When we were still in Florida the dog we had seemed to be a tick magnet. Did not matter what we did he still ended up with ticks. When we would find them on him we would spend a few hours going over him taking them off. We would have the alcohol (moonshine), a cotton ball, tweesers, with an empty pill bottle ready for those times. We would dip the cotton ball in the shine, basically get the tick drunk and then it pull off very easy with the tweezers and in it would go into the empty pill bottle. Sometimes we would fill the bottle up. The vet suggested using alcohol as a way to make the tick release easier.
We ended up taking him back to the shelter, just could not take him at that point in time with us. We went from FL to MI and we were going to be living with my husbands mom and dad for awhile and did not have the room. The shelter did end up making him the office dog and he was taken off the adoption rolls.

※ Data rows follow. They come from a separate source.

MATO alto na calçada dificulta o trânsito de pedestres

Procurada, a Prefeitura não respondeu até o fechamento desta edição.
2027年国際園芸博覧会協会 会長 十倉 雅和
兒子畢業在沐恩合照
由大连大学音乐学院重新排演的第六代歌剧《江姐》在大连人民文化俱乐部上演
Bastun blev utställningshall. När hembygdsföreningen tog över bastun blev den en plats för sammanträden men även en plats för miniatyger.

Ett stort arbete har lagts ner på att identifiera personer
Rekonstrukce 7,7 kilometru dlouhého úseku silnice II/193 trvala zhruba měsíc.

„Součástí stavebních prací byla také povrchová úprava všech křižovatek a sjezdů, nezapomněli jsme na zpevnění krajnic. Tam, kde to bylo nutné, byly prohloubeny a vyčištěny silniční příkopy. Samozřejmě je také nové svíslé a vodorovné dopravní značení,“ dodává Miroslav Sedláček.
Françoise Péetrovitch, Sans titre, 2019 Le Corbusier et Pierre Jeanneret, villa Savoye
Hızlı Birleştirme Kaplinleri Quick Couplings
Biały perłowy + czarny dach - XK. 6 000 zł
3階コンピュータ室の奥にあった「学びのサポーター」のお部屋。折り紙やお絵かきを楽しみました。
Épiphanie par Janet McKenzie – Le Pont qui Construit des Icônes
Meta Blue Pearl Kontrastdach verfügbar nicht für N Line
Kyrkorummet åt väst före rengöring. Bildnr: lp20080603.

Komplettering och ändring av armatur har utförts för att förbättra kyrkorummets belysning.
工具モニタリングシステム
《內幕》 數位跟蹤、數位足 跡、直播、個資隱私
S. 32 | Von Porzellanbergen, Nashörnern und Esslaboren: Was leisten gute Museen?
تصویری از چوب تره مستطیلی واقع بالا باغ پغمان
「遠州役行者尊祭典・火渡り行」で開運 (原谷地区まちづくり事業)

They would have allowed us to adopt him back but we figured it was better for him to be there, he was really overweight when we first got him and worked with the vet to get him down. We got him walking (and running) and "turned" lots of fat into muscle. Come to find out he had a thyroid problem and the shelter could better work with the vet for much lower prices for meds and to change when neccessary. We miss him but know that they were taking good care of him and thats the good thing.
Thanks for the replies. Our dogs are on tick prevention. It was only one tick. We checked both dogs. We will watch carefully and take to a vet at the first sign of an issue. He is eating and acting normal and doesn't seem bothered by the spot where the tick was attached. We will continue to monitor.

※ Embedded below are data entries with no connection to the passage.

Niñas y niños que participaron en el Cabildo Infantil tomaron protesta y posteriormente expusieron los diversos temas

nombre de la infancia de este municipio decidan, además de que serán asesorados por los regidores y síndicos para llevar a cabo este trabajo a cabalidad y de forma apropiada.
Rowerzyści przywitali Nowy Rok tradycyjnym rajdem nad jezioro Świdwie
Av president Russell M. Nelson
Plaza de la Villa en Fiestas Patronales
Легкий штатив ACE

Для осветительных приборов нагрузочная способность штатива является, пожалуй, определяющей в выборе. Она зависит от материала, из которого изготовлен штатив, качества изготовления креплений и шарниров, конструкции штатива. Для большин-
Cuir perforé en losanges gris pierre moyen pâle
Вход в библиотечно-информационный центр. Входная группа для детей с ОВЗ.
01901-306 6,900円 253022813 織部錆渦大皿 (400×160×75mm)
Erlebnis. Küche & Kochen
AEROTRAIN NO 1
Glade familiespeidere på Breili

Greetings and for what it's worth...several years ago we ran into a tick problem in Jasper...we learned from the people who rent horses to heat up the end of a small screwdriver with a lighter and apply the blade to the backside of the tick and it will back itself out..head and all. This works for us...you don't have to worry about pulling it out or rubbing anything on it. Drive safe and have fun. Bob.
My dogs are working dogs as well as pets. It is more common than not for each of them to have 50+ ticks on them after a session afield. The cover they hunt is loaded with ticks.

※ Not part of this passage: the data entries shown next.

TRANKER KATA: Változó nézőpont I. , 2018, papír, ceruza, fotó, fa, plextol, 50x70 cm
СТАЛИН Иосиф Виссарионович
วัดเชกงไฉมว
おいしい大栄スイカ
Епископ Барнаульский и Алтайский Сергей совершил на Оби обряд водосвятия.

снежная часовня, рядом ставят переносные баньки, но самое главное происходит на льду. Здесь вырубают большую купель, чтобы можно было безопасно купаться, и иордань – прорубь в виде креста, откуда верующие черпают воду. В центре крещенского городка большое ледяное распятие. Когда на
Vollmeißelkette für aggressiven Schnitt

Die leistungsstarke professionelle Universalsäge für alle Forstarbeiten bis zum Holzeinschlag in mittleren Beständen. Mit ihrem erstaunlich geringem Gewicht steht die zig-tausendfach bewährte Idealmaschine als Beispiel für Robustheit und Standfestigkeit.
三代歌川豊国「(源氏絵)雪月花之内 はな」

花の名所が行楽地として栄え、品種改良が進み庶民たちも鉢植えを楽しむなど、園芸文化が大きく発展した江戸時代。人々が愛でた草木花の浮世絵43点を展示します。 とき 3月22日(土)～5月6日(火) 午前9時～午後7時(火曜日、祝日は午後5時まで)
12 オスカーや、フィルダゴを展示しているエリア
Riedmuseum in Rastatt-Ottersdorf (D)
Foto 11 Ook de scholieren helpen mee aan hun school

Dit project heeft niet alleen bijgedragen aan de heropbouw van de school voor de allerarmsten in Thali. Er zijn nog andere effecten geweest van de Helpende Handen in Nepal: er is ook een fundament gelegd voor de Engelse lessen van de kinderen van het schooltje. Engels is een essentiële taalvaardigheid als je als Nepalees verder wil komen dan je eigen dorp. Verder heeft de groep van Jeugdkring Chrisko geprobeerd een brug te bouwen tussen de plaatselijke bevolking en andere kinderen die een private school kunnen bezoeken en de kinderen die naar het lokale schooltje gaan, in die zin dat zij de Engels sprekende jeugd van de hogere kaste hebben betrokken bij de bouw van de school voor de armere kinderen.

We also live way back in the sticks up on a mountain and there are zillions of ticks in our woods, so just a daily run gathers many, many ticks. The only time ticks aren't a problem is when the temps are below freezing, and even then if the temp gets above freezing for an hour, the ticks are out again.
FWIW, here's what I do:
I've never found anything that keeps the ticks off the dogs - when they push through cover, they collect ticks no matter what. So, I don't even try to deal with that.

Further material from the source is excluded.